Speaking on the ‘Innovating with Scott Amyx Show’ – named one of Forbes’ essential tech podcasts – Eric began by sharing how a background working for companies, including Nanomagnetics and Cambridge Display Technologies, had driven his passion for material sciences, and magnetic solutions in particular.
“Those experiences prepared me in a way that when I was approached to be the CEO at Endomag, [in 2010] I was really excited to go from a stable job at a multinational group to being the sole employee at a company and industry I didn’t know much about!”
Upon joining the team at Endomag, Eric and the company founders set out exploring the main challenges facing breast surgeons in their every day practices. They spoke with surgeons and radiologists across the UK and US to understand where the care pathway could be improved.
Initially they were told of the issues with staging breast cancer in the axilla, with the outdated method of axillary lymph node dissection still commonplace just over ten years ago – a method which involved removing a vastly excessive amount of lymph nodes to initially analyse if the cancer has spread.
Fortunately, emerging research had identified a less invasive procedure – sentinel lymph node biopsy – where only the most likely nodes to contain a migrating cancer would be removed and analysed.
This was most commonly performed with the use of Technetium-99 and blue dye, however both of these had their drawbacks.

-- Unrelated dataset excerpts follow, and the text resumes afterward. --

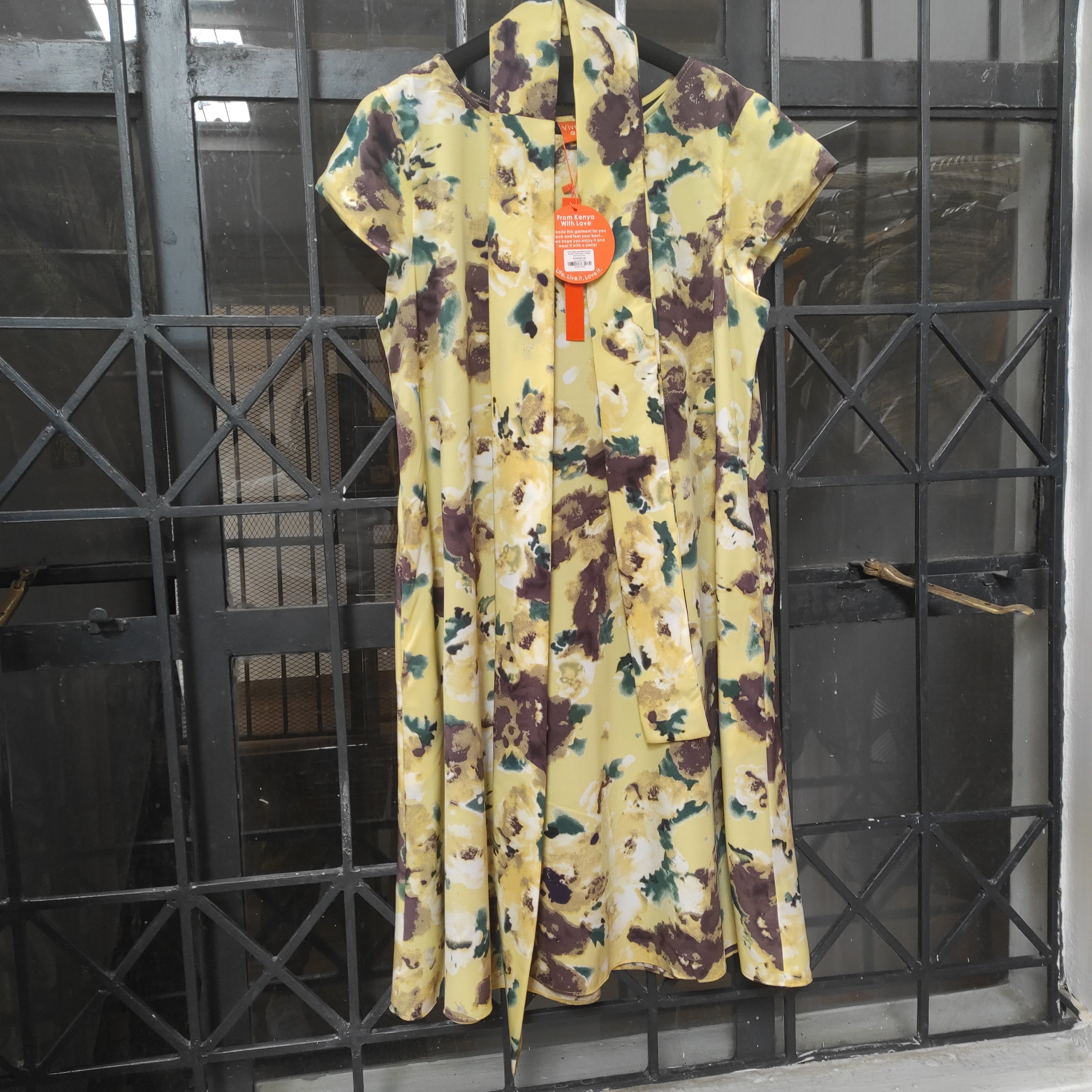 Vivo Basic Cap Sleeve Knee Length Tent Dress - Yellow Abstract Print
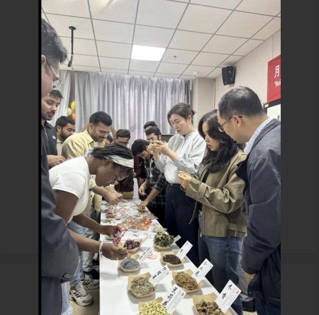 本次活动的亮点是独具番茄小说 特色的“巧手制香囊”环节。在老师的指导下,留学生们亲手挑选艾草、薄荷等中草药,一针一线地缝制起充满吉祥寓意的中秋香囊。这一活动不仅让他们体验了中国传统手工艺的乐趣,更将中医药文化知识融入其中,直观地感受到了中医“未病先防”的养生智慧。来自印度的SRUJAN同学拿着自己制作的香囊说:“这太神奇了!这些草药的味道让人心旷神怡,我终于亲手触摸到了在课本上学到的中药,这让我对中医文化更加着迷了。”
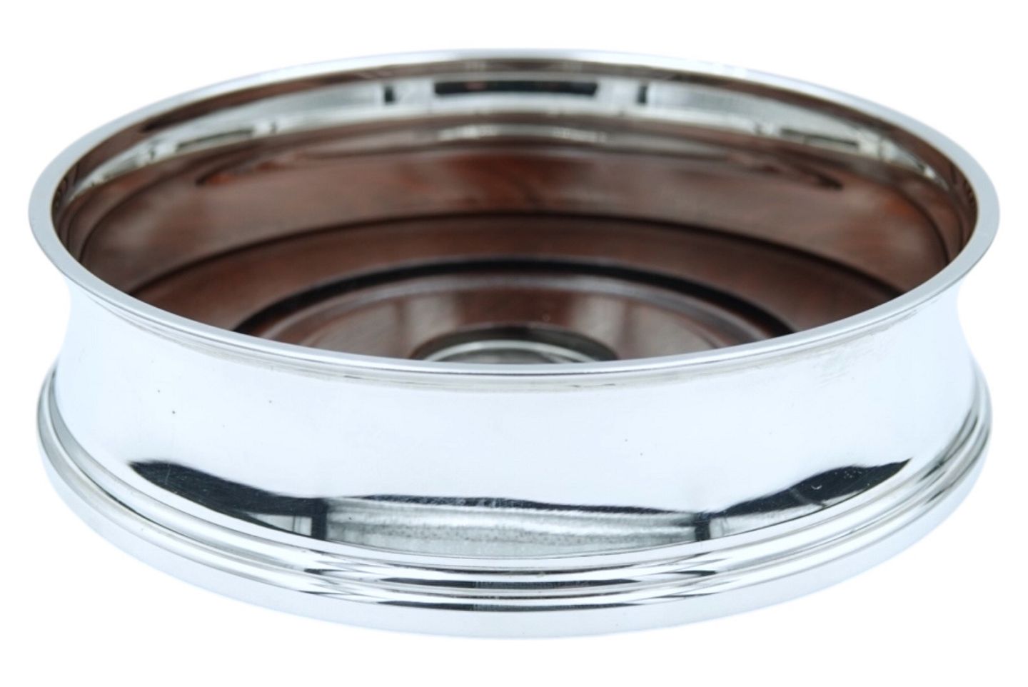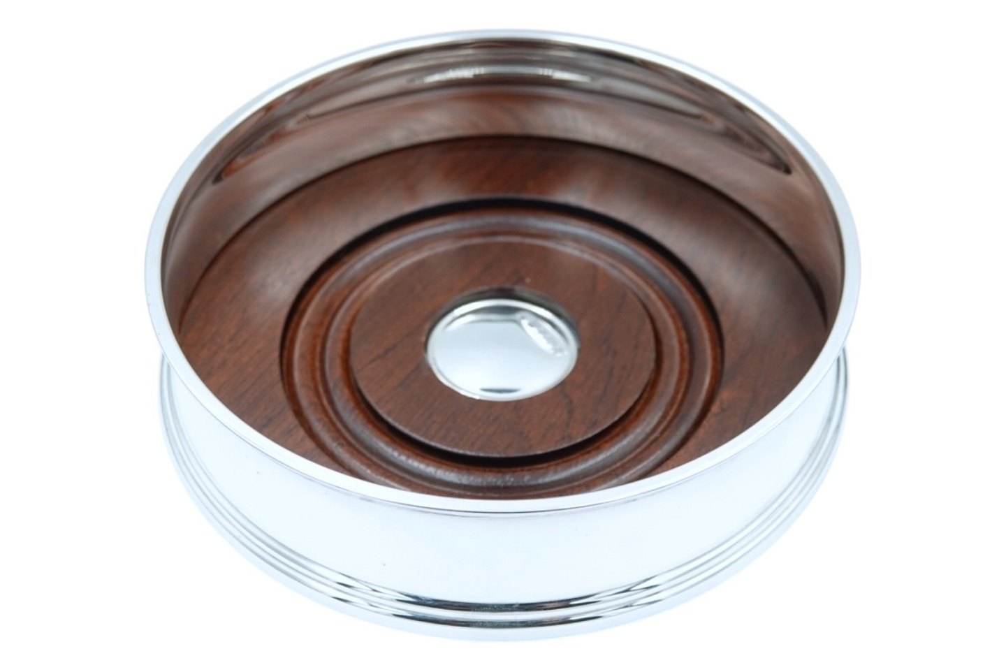 Carrs of Sheffield England, sterling silver, large bottle coaster with mahogany, made in a high quality. Fully hallmarked, please see picture. Diameter 12.5 cm. Perfect condition.
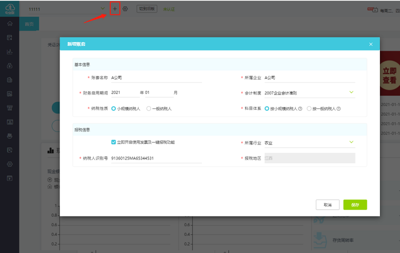 (3)【账务启用期间】-软件中做账的起始期间;例如:2002年10月购买软件,但是想从年初开始做账,那么财务启用期间可选择2020年1月。
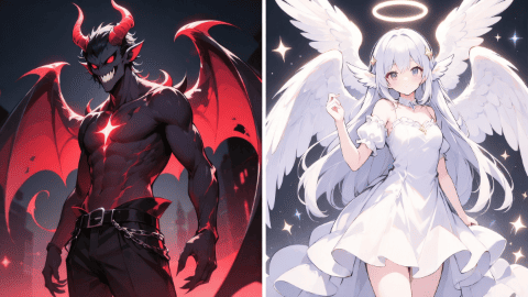アニメ、二つのシーン:1つ目のシーンには悪魔がいる。2つ目のシーンには天使がいる。
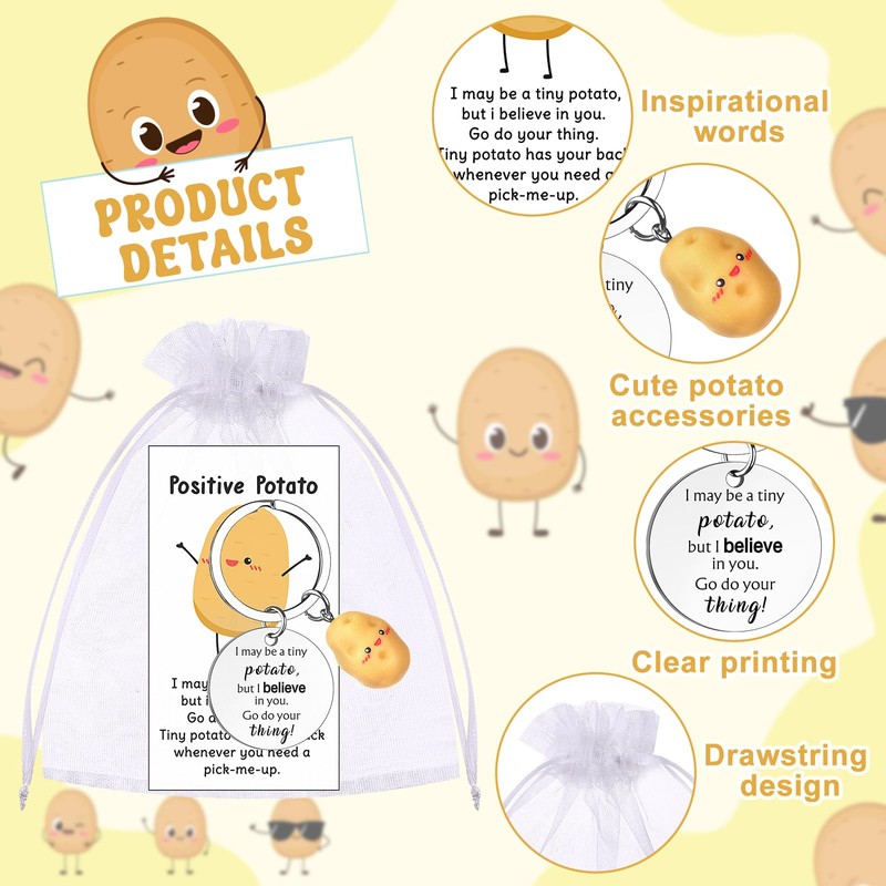 - Emotional Support Gift Set: You will get 36 pieces of thank you gifts, including 12 inspirational potato keychains, 12 inspirational cards and 12 organza bags, the potato themed gifts will leave unforgettable memories for those receivers, you can use them as teacher appreciation gifts, encouragement gifts
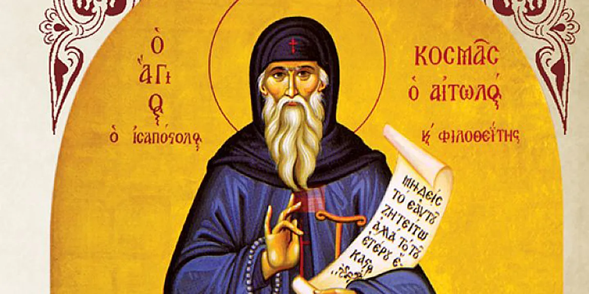 Σήμερα, ἀγαπητοί μου, ἑορτάζει καὶ πανηγυρίζει ὁ ἰσαπόστολος καὶ ἐθναπόστολος ἅγιος Κοσμᾶς ὁ Αἰτωλός. Ὁ ὑμνογράφος ἀπορεῖ τί ἐγκώμια νὰ τοῦ πλέξῃ καὶ λέει· Πῶς νὰ σὲ ὀνομάσουμε, ἅγιε Κοσμᾶ; μάρτυρα, ἢ ἀπόστολο, ἢ μοναστή, ἢ ἱερέα τοῦ Ὑψίστου;
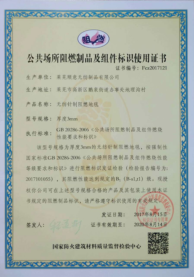 • 本公司生產的無紡阻燃地毯檢測合格

“You had to do the injection pretty closely timed to surgery, otherwise the signal in the nodes you’re looking for with a geiger counter disappears. Magtrace solves a number of the problems – it gets rid of nuclear medicine, decreases patient radioactive exposure and decouples when the injection and surgery happen.”
With adoption of Magtrace® rapidly growing around the world, Eric explained how the ever-growing Endomag team were keen to explore other ways in which they could improve the options available to patients.
So they returned to operating rooms to hear more from surgeons and radiologists and found that there was a common theme around the removal of tumors.
"They said 'we're still using wires - can't you make something better that's magnetic?"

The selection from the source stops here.